Can I Mix on Headphones

Backspacez

New member
Straight up, I can't afford monitors, I couldn't even afford them if they were 40$. I have a pair of monitor headphones, AUdio Technicha M45WH, what do you think about that? I use PC speakers, 50$ Logitech commercial speakers, and earbuds for references.

Is it really a necessity to use monitors in a treated room? I make hip hop, it's not the kind that would get cranked in the club or on a radio station but maybe some college radio, internet radio, and just mostly internet plus any physical copies.

Can someone shed some light on this?
 
The main problem with headphone mixing is your stereo imaging is off, and you'll often wont have much of a stereo sound. You can do decent mixes without fancy monitors, just check your mixes in your car or in a stereo system. A lot of people get way too ahead of themselves when it comes to making music and think they need high end equipment the second they start producing. Work on your arrangements, workflow, music theory, etc. Then worry about actually making your tracks sound good. There are plenty of awesome tracks out there that I've heard and have drawn me into liking a new artist where the mixing is very sub-par. Your musicianship can go a long way.
 
Yes, you can mix on a decent set of headphones. It's just not as easy or desirable as a good set of monitors in an acoustically treated space.

It's not so much the stereo field that's hard to judge--the human ear processes frequencies differently when they come from headphones in direct contact with your skull (ear buds are even worse) compared to sound travelling through free air.

However, as Captain471 says, you can teach yourself to compensate. First, find a commercial recording you like, preferably in the same genre you'll be recording, and listen carefully to how it sounds on your headphones. Then do a trial mix of you own material, burn a CD and play it on as many different systems as you can, again listening critically to how your CD sounds compared to what you heard in your cans. Take a note of what changes you'd need (more bass, less treble, whatever) to sound like what you had in your cans. Repeat this exercise until you're confident about how mixes have to sound in your headphones to sound good everywhere.

FYI, even with a good set of studio monitors, you still have to go through a process of "learning the sound". It just that the monitors will likely get you closer even on the first try.
 
Straight up, I can't afford monitors, I couldn't even afford them if they were 40$.
Then get saving !
Seriously though, even a good set of hi fi speakers will do for now.
Is it really a necessity to use monitors in a treated room?
No, of course not. Neither is it a necessity to have two eyes, two arms and two legs. But you'll be a better basketball player that way, you get me......?

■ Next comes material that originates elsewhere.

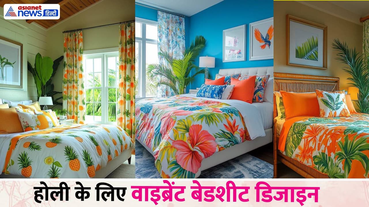 Bright color printed bed sheet: होली के लिए (Holi Special Decor) टाई-डाई, फ्लोरल, फ्रूट प्रिंट, एब्स्ट्रैक्ट स्प्लैश, ट्रॉपिकल Vibrant Bed Sheet खरीदें। ब्राइट कलर और कॉटन फैब्रिक वाली बेडशीट्स घर को रंगीन और फेस्टिव लुक देंगी।

The main problem with headphone mixing is your stereo imaging is off, and you'll often wont have much of a stereo sound.
Although alot of people say this, it sounds illogical to me. Because I grew up in the walkman age and before, I've been listening to music on stereo headphones regularly since the 70s. So I've made a point of studying stereo imaging for 36 years. Long before I ever thought of making music. And there is such a huge variety of the ways engineers have mixed, that is, where things have been placed in the stereo spectrum. Then when you hear the same on speakers in a room, well, it's different from phones but still the same variety exists.
 
Then get saving !

Although alot of people say this, it sounds illogical to me. Because I grew up in the walkman age and before, I've been listening to music on stereo headphones regularly since the 70s. So I've made a point of studying stereo imaging for 36 years. Long before I ever thought of making music. And there is such a huge variety of the ways engineers have mixed, that is, where things have been placed in the stereo spectrum. Then when you hear the same on speakers in a room, well, it's different from phones but still the same variety exists.

I suspect it's more a case that the headphones exaggerate the stereo field possibly causing the unwary mixer to be, if anything, too conservative. In my youth I used to love putting on headphones and hearing favourite tracks ping-ponging from one ear to the other in a way that you didn't get on speakers.

However, as I say, the big difference is the skewed frequency response you get with the transducers in direct contact with your skull so the sound (particularly at the bass end) is transferred directly to the bones of the inner ear without the usual free air space in the middle--sort of a human proximity effect!.
 
You'd be surprised how good you could get with studio headphones. I personally love mixing with headphones. Mainly cause I love how music sounds through a good pair of over the ear headphones. I agree with Bobbsy though. Get some good reference tracks close to the same style and try to make your mix as close to that at possible. It'd be good to find a track that maybe only have guitar during one part of the song and use a frequency analyzer to see what part of the spectrum it's hitting and then get your guitars as close as possible. Not much, but at least it'd help a little :)
 
I still think headphones are best suited for checking your mixes, rather than to base mix decisions on. In your situation, where you only have poor speakers in untreated rooms, vs headphones, I think you have got no choice - I'd go for the headphones. But do constantly compare your mix with the pro recordings, and do also do a "PC speaker test" at every stage where you think you're satisfied with the mix.